Deborah Simmons’s story deals with our rake hero Pagan Penhurst and our virginal bluestocking heroine Scholastica Hornsby, and yes, I think it’s amazing those two grow up past the age of fifteen without killing themselves or their parents, what with names like that and all. He claims that among his conquests are some lesbians – I guess that’s why they are lesbians now? – while she hails from a family led by an – yawn – eccentric father.

He wants to seduce her. She doesn’t know what she wants much. Game, set, boinked, shagged, marriage, the end.

At least these two characters have some funny moments together. And plus points to the author for letting Scholastica think here and there about her situation, which is more than what I can say of the next two little girls with big breasts that follow Scholastica.

Story two, Cupid Goes to Gretna by Deborah Hale. The really big plus? A really yummy nerd hero who defies stereotype by not being selfish or self-absorbed. The minus? He’s a virgin who – get this – has never experienced an orgasm before. He hears that there’s some pleasure involved in the act of coitus but gee, he wouldn’t know.

Yeah, I know. It’s sad, isn’t it? Oliver Lyte, short of being a double amputee, is an embarrassment to the entire male sex.

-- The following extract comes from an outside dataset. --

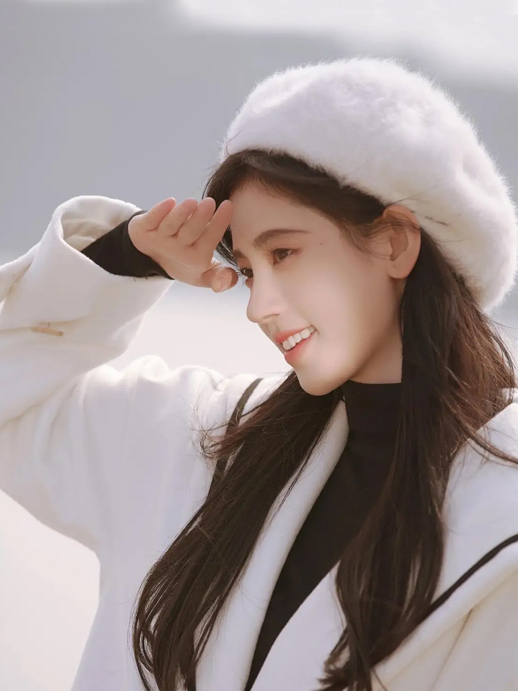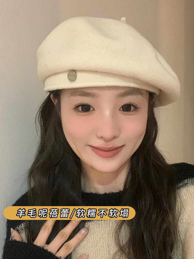 Jue Jingyiと同じスタイルの白いウサギの毛皮の豪華な八角形ベレー帽、女性用、秋冬の気質、暖かい韓国画家の帽子

Ivy Greenwood is a nitwit. Her brother and his much older mistress – Oliver’s aunt – are in love but our Mrs Robinson here has ditched the Graduate. Ivy knows that those two are destined forever and forever, so she has a plan. She will pretend to elope with Oliver and send those two chasing after them. That will make the aunt and her boyfriend realize how much they are in love!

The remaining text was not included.